As we get down to 65-, 45- and 32-nanometer designs that are increasingly complex and harder to manufacture, we're assuredly going to run into design closure and manufacturability problems--to the extent that we'll effectively shut down chip design if we continue using our current design flows.
These flows came into being in the 1980s, and we've been adding analysis and verification tools to them ever since, tweaking the design flow to fix problems. The result is a 20-plus-year-old design flow methodology that's burdened like an old boat encrusted with barnacles. This ship's going to sink.
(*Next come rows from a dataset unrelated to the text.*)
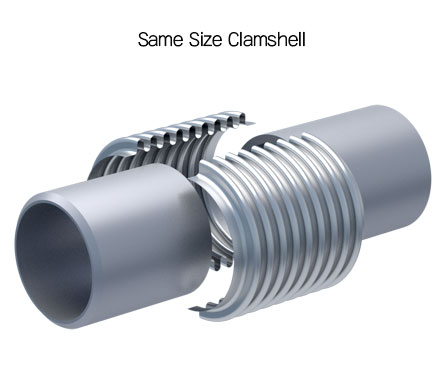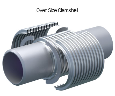 Clamshell bellows is an effective solution when a quick and urgent replacement of the bellows is needed. Clamshell bellows are often used when an existing bellows needs replacing. Clamshell bellows is a two-piece bellows which is welded on site. Clamshell expansion joints can be designed as either temporary or permanent solution and as an over-sized or same-sized clamshell metal expansion joint bellows.Types of clamshell expansion joints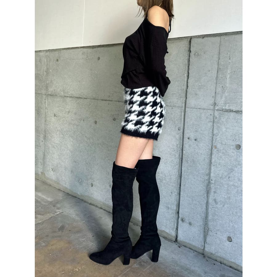大きめの千鳥柄が存在感抜群なシャギーニットショートパンツ。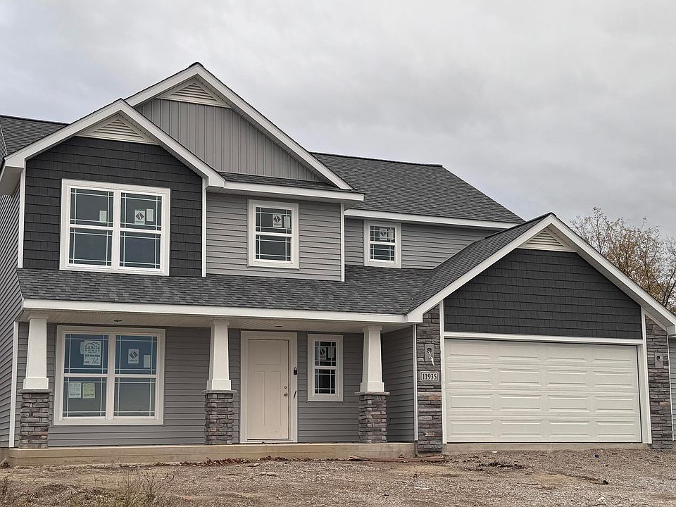 Backing up to common area, this Lancia Homes Riverdale II is really popular. Home has 4 Bedrooms, 2.5 Baths, 2125 sq.ft., and 2-Car Garage with 4' ext. comes with some nice upgrades. This home has Kitchen with walk-in kitchen, breakfast bar, quartz countertops, ceramic backsplash, stainless appliances dishwasher, microwave, fridge, soft close drawers and additional gas line hook-up behind stove are standard. Nook has 12 x 10 Patio and all are open to the Great Room. Office with French doors is near entry and Half Bath featuring pocket door. Owner Suite Bedroom has ceiling fan walk-in closet with dual rod & shelf 1-wall unit and a 5' shower with dual sink vanity. Main Bathroom has pocket door so vanity and tub-shower combo are separate for faster morning routines. Quartz countertops in Baths also. Laundry room is upstairs complete with washer and dryer. Mudroom has lockers off of the Garage. Garage has attic access with pull-down stairs for storage above. Vinyl plank flooring in Great Room, Kitchen, Nook, Pantry, Foyer, Baths and Laundry Room. Selling agent to verify school. NWAC may make changes to school assigned as NW Fort Wayne grows. Home has Simplx Smart Home Technology.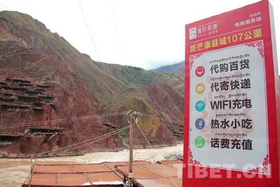 圖為千年古鹽田邊的芒康縣農(nóng)村電商服務(wù)站廣告牌。攝影:李元梅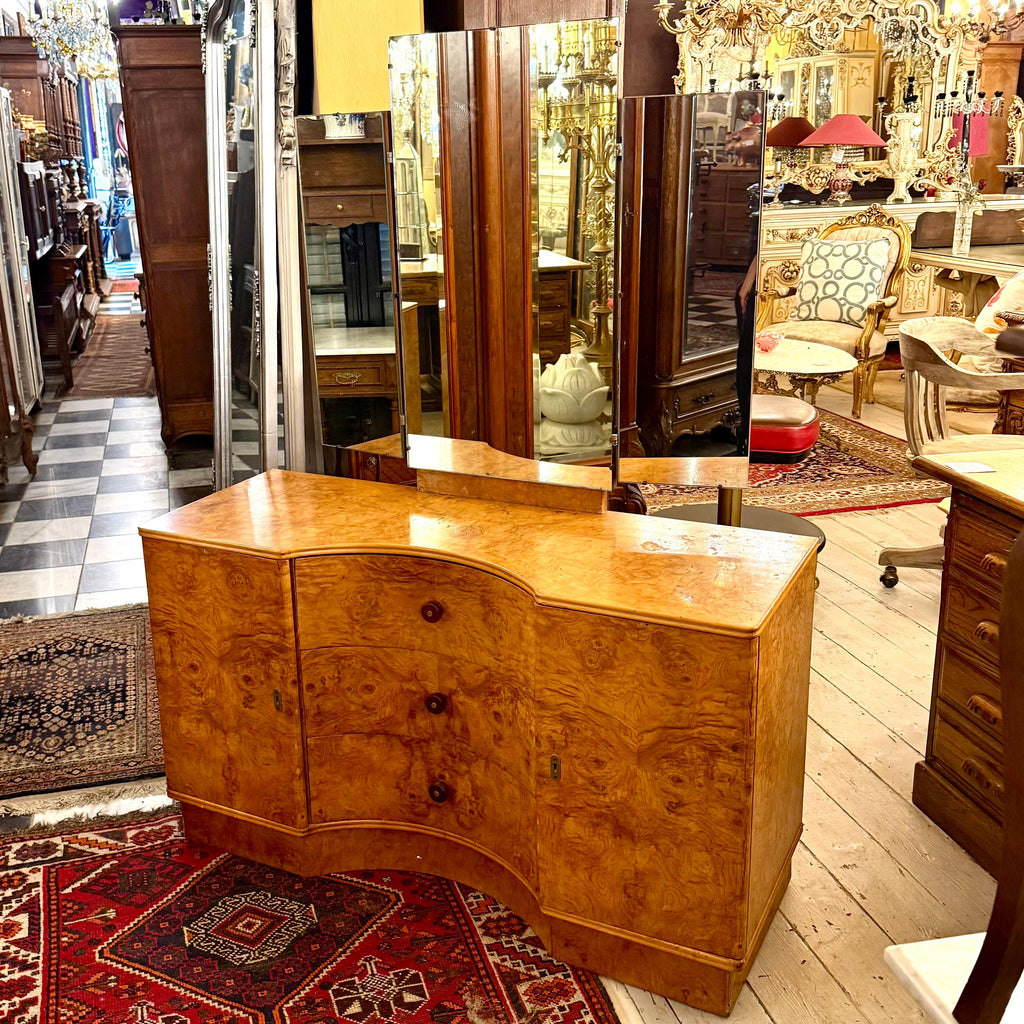 Art Deco Curved Burr Walnut Dressing Table with Triptych Mirror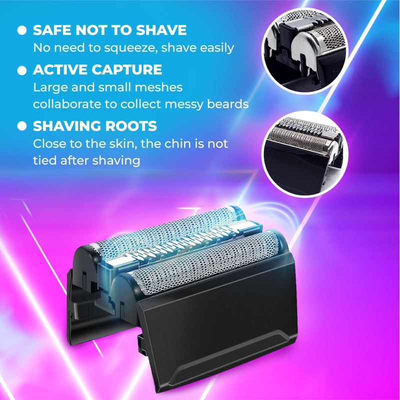 - ✅ 【Upgrade System】: Featuring a super lift & cut system, the 52B Foil & Cutter replacement head swiftly cuts through your beard without pulling, while the design protects your skin from scratches.
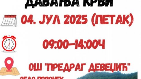 Akcija je planirana za petak 4. jul od 09:00 do 14:00 časova u OŠ „Predrag Devedžić“ u selu Prvonek.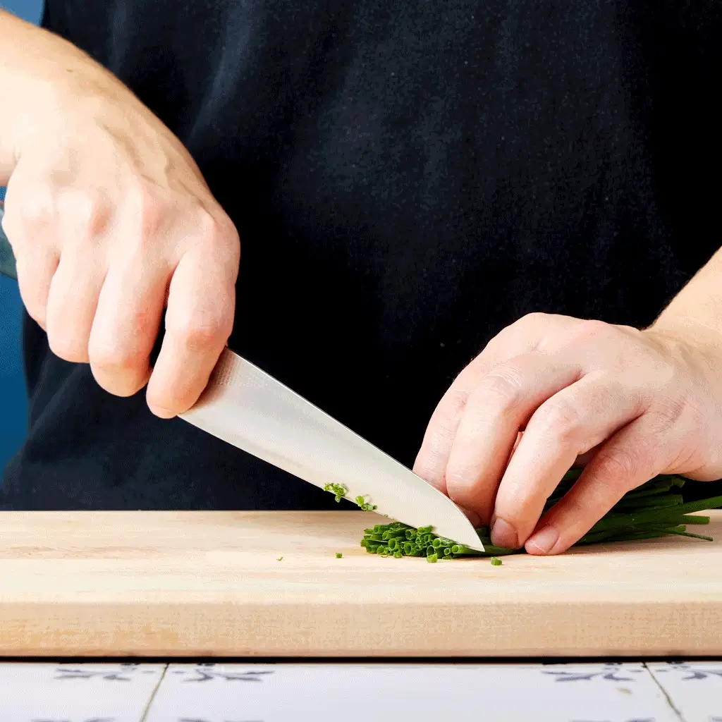 The thin, 6-inch blade is tall enough for knuckle clearance on the cutting board, yet tapers to a fine, flexible tip for detail work. The blade features a subtle curved edge from the tip, for effortless rock chopping and mincing, then flattens out towards the heel for a natural slicing motion that’s easy on your wrist.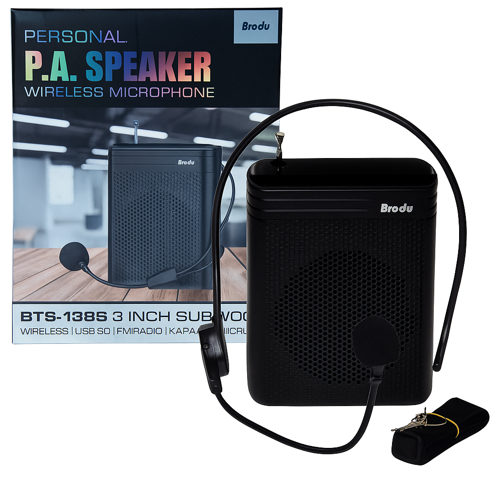 El parlante portátil BRODU BTS-1385 es una opción práctica y versátil para quienes buscan un sonido potente en cualquier lugar. A pesar de su tamaño pequeño, está equipado con un subwoofer de 3 pulgadas que ofrece graves profundos y una reproducción clara de la música. Incluye micrófono alámbrico para funciones de karaoke, presentaciones o reuniones, convirtiéndolo en un aliado ideal tanto para entretenimiento como para actividades profesionales.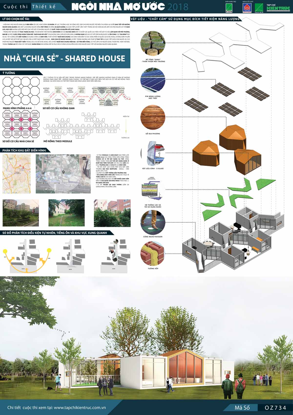 Công trình Share house được lấy ý tưởng từ sự liên kết hóa học dạng mạng phẳng, sắp xếp những không gian ở xen kẽ nhưng không gian giao tiếp/không gian chung, có thể đặt ở mọi nơi trên thế giới và mở rộng theo module, xa hơn nữa có thể trở thành mô hình làng sinh viên hiện đại
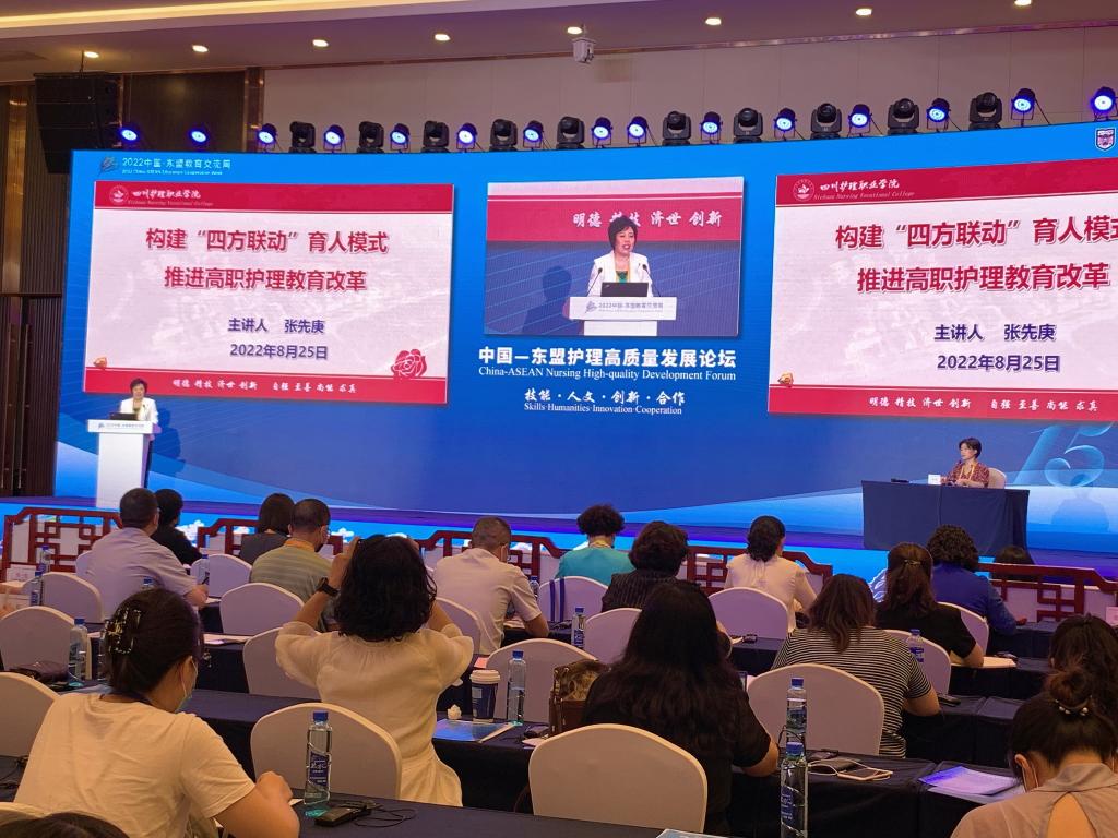 8月25—26日,以“技能·人文·创新·合作”为主题的中国—东盟护理高质量发展论坛在贵阳举行。论坛由贵州护理职业技术学院承办,采用线上+线下结合方式,来自中华护理学会理事长吴欣娟、中华护理学会护理教育专委会主任委员姜小鹰、菲律宾女子大学护理学院院长Minerva De Ala、泰国清迈大学护理学院副院长Pratum Soivong、教育部高等学校护理学类专业教学指导委员会秘书长孙宏玉教授、贵州省教育厅副厅长级督学欧阳嘉和国内外护理院校与临床专家、学者4万余人参会。张先庚教授作为联盟主要成员单位——beat365官方网站院长、中华护理学会护理教育专委会副主任委员应邀参会,并作大会主旨演讲。

What's the fix? A fundamental remodeling of the EDA design flow. Rather than check, analyze, verify and repair ad nauseam, we need to move to a new methodology that arms chip designers with predictable, accurate information, emanating from new tools created and tuned for tighter manufacturing process tolerances.
In the traditional, corner-method design flow philosophy, the corners cover all possible process, voltage and temperature conditions, whether realistic or not. Up to 90 nm, and for slow frequency devices, the corner approach was "good enough."
At 65 nm, however, process tolerances and their margins are being reduced to a point that the corner characterization and static timing analysis flow can no longer accurately predict silicon performance. Random and systematic process variations play a much larger role in electrical performance. At 65 nm, if a designer uses corner methods, the result will be many more design spins, greater cost overruns and even longer production delays.
The better approach to predicting the impact of random and systematic variation is to create a design flow that accounts for statistical variation. The semiconductor manufacturing process is statistically controlled, with each process step controlled by specified limits; stay between the lines, and you get consistency and high yields. For accurate and predictable timing closure, the "lines" need to be changed from corner descriptions to statistical distributions.